Didier Migaud promet de faire de la justice une « priorité » malgré l’état dégradé des finances publiques

04 octobre, 2024 / Entrevue

Lors de son premier déplacement en tant que ministre de la Justice à Dijon, Didier Migaud a affirmé que la justice resterait « toujours une priorité » du gouvernement, malgré un contexte de finances publiques plus détérioré que prévu. En effet, son prédécesseur, Éric Dupond-Moretti, avait exhorté Migaud à préserver les moyens historiques accordés à la justice, déjà inscrits dans une loi adoptée à l’automne dernier.

Un budget historique à défendre malgré les contraintes budgétaires

Didier Migaud a tenu à réitérer cet engagement, tout en reconnaissant la difficulté financière actuelle. Lors de la prestation de serment des étudiants de l’École nationale des greffes de Dijon, il a insisté sur l’importance de trouver des solutions pour maintenir les investissements nécessaires au bon fonctionnement des services de la justice. « Vous pouvez compter sur moi pour défendre les intérêts de ce ministère », a-t-il déclaré, tout en se montrant plus prudent lors d’une conférence de presse, indiquant « espérer » que les engagements budgétaires soient tenus.

Éric Dupond-Moretti avait annoncé une augmentation significative du budget de la justice, passant de 7,6 milliards d’euros en 2020 à près de 11 milliards d’ici 2027. Ces fonds sont destinés à recruter 1 500 magistrats, 1 800 greffiers et 1 100 contractuels supplémentaires, ainsi qu’à poursuivre la construction de 18 000 nouvelles places de prison. Pour Didier Migaud, il est « indispensable » de respecter cette loi, car il estime que « la justice a souvent été considérée comme un parent pauvre » et qu’un effort significatif a déjà été entrepris, qu’il faut à présent prolonger.

Un débat sur la vision de la justice : entre progressisme et fermeté

Didier Migaud, successeur de Dupond-Moretti depuis le 23 septembre, s’inscrit dans la lignée des grandes figures de la gauche judiciaire, telles que Robert Badinter, Christiane Taubira et Nicole Belloubet. Cette affiliation marque son engagement en faveur d’une justice « progressiste », qui privilégie la réinsertion des condamnés, contrairement à la conception « punitive », généralement soutenue par la droite, qui mise sur la dissuasion par la sanction.

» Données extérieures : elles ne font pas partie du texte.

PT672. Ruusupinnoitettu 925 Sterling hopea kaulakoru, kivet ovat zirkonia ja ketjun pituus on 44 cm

Les ministres de la Justice issus de la gauche ont souvent été des figures clivantes, comme Robert Badinter, nommé en 1981, qui a défendu l’abolition de la peine de mort malgré l’opposition majoritaire de la population. Sa proximité avec le Syndicat de la magistrature, association engagée pour une vision progressiste de la justice, a marqué son mandat, tout comme celui de Christiane Taubira plus tard.

À l’inverse, la droite a choisi des personnalités modérées et s’est montrée hésitante entre des mesures de fermeté, telles que les peines planchers, et des approches plus progressistes, comme les aménagements de peine automatiques. Cette dualité persiste aujourd’hui, alors que Didier Migaud a fait allusion à ses divergences avec le ministre de l’Intérieur, Bruno Retailleau, qui prône une plus grande fermeté en matière de justice. « La justice est sévère », a affirmé Migaud, précisant qu’il souhaitait « expliquer » cette réalité aux citoyens pour dissiper les malentendus.

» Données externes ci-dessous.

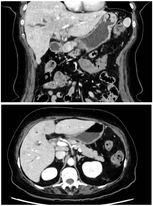 A 71-year-old female patient presented to the emergency department after having developed generalized icterus for one week, associated with inappetence due to epigastric pain with a recent weight loss of 15 kg, and intermittent night sweats. She was treated for hypertension and underwent a cholecystectomy in 2019 complicated with an incisional hernia. She did not smoke and had a family history of BRCA (Breast Cancer Gene) associated breast cancer found in both blood-related sisters. However, she was never tested. Physical examination revealed scleral and generalized jaundice with right upper quadrant tenderness with no overt lymphadenopathy or abdominal mass except for the incisional hernia. Liver panel revealed the following results: aspartate aminotransferase, 234 U/L; alanine aminotransferase, 182 U/L; alkaline phosphatase, 1060 U/L; total bilirubin, 848 mg/dL; direct bilirubin, 143 mg/dL; serum levels of lipase were 63 U/L. Tumor marker for CA19-9 was elevated: 241 kU/l.

Les attentes de la population : des mesures de fermeté pour plus de sécurité

Les tensions entre ces deux visions de la justice – progressiste et punitive – se retrouvent également dans les attentes des citoyens. Les sondages montrent que la majorité des Français réclament des mesures plus strictes, telles que le retour des peines planchers, la limitation des aménagements de peine, ou encore l’expulsion systématique des délinquants étrangers. Le peuple semble se positionner en faveur d’une justice qui priorise la sécurité et la protection des citoyens.

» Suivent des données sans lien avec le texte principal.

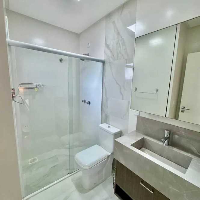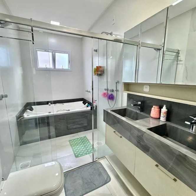 - 3 suítes, sendo 1 suíte master com banheira de hidromassagem, 2 chuveiros e 2 pias

Le défi pour Didier Migaud sera de répondre à cette demande populaire tout en restant fidèle à une approche progressiste. Cela implique un équilibre délicat entre la fermeté nécessaire pour garantir la sécurité publique et la volonté de réinsertion, au cœur de la doctrine qu’il défend. Les mois à venir seront cruciaux pour voir si le nouveau garde des Sceaux parviendra à concilier ces deux exigences au sein de la politique judiciaire française.